Their first album as Steely Dan, “Can’t Buy Me a Thrill” was released in 1972, and featured both “Do It Again” and “Reelin’ In the Years.” A lukewarm Rolling Stone review from the time said it contained “three top-level cuts and scattered moments of inspiration.”
The band continued producing albums throughout the 1970s, Boasting songs penned by Fagen and Becker and music provided by some of the best session musicians in the business.
“It wouldn’t bother me at all,” Becker said in an interview, “not to play on my own album.”
In their music, Steely Dan offered an idiosyncratic combination of rock and jazz, backed with subversive and literary lyrics that neither expected many fans to understand — and which they themselves sometimes claimed to not understand. They scored a big hit with “Rikki Don’t Lose that Number” in 1974 before hitting a high point in 1977 with the album “Aja.”

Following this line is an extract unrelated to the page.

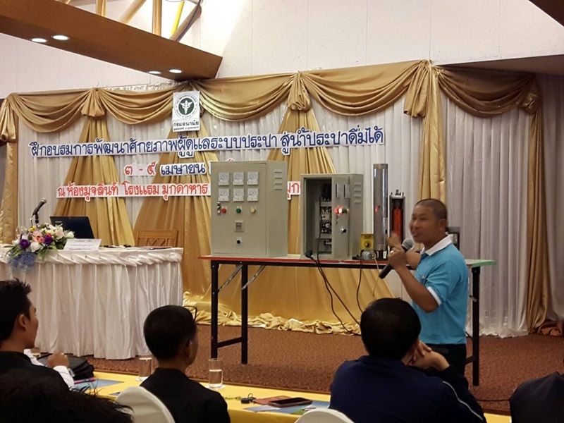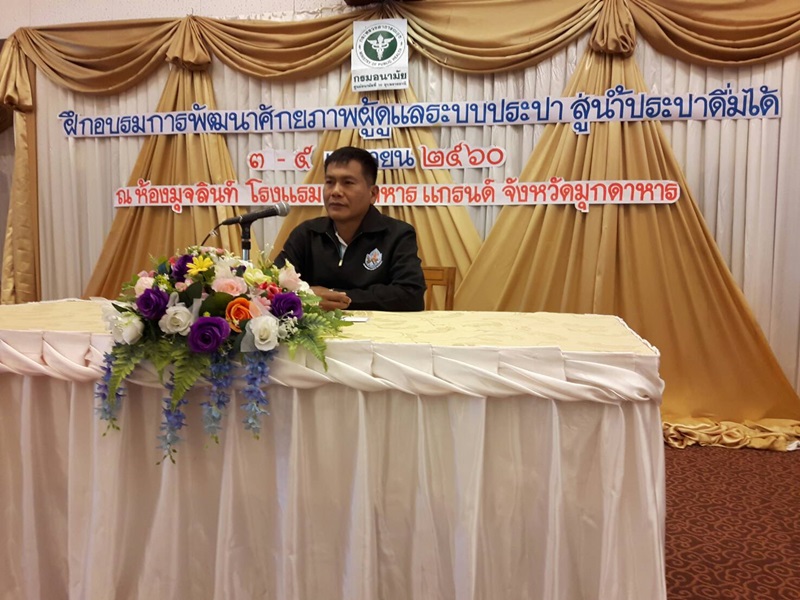 ในระหว่างวันที่ 3 - 5 เมษายน 2560 สำนักงานทรัพยากรน้ำภาค 11 มอบหมายให้เจ้าหน้าที่ส่วนวิชาการ เข้าร่วมเป็นวิทยากรอบรมให้ความรู้ ในหัวข้อรูปแบบและกระบวนการผลิตน้ำประปา เครื่องกลกับระบบน้ำประปา การพัฒนาคุณภาพน้ำสู่มาตรฐานน้ำบริโภค การพัฒนาระบบประปาองค์กรปกครองส่วนท้องถิ่น ณ โรงแรมมุกดาหาร แกรนด์ อำเภอเมืองมุกดาหาร จังหวัดมุกดาหาร ภายใต้โครงการฝึกอบรมการพัฒนาศักยภาพผู้ดูแลระบบประปา สู่น้ำประปาดื่มได้ การศึกษาดูงานที่ระบบประปาที่บ้านหนองหล่ม ตำบลโพธิ์ไทร อำเภอดอนตาล จังหวัดมุกดาหาร มีผู้เข้าอบรมจากองค์กรปกครองส่วนท้องถิ่น โรงพยาบาล สาธารณสุขอำเภอ สถาบันการศึกษา จากจังหวัดศรีสะเกษ อุบลราชธานี ยโสธร อำนาจเจริญ มุกดาหาร และจังหวัดกาฬสินธุ์ จำนวน 76 คน จัดอบรมโดยศูนย์อนามัยที่ 10 อุบลราชธานี

“What underlies Steely Dan’s music — and may, with this album, be showing its limitations — is its extreme intellectual self-consciousness, both in music and lyrics,” wrote critic Michael Duffy in Rolling Stone in 1977 of the album. “Given the nature of these times, this may be precisely the quality that makes Walter Becker and Donald Fagen the perfect musical antiheroes for the Seventies.”
But it wasn’t quite enough to sustain Steely Dan past their next studio album, “Gaucho.” They broke up in 1981 after the album’s release.

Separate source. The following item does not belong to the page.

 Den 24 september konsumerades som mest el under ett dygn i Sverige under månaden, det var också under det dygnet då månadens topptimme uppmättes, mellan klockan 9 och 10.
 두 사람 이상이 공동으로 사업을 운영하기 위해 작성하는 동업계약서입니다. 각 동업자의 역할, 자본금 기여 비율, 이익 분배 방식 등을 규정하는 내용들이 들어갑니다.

Becker had suffered some personal hardships during this time, including addiction, his girlfriend’s death by overdose and a resulting lawsuit, and a serious injury he sustained after being struck by a cab. When Steely Dan disbanded, Becker retreated to Maui and began growing avocados, while Fagen attempted a solo career.
Becker eventually reunited with Fagen and, after a nearly 20 year hiatus, released two albums: “Two Against Nature,” which won four Grammys, including album of the year in 2001, and “Everything Must Go.”
They were inducted into the Rock and Roll Hall of Fame in 2001.
Ever sardonic and ornery, when they got back together and started touring again, Becker joked in an NPR interview that they were going to be wearing defibrillator backpacks during their performances just in case something went wrong.
When the interviewer asked about bands touring past their prime, Becker just said: “People were already thinking that about us in the ’70s. It would be a shame if they didn’t continue to think that.”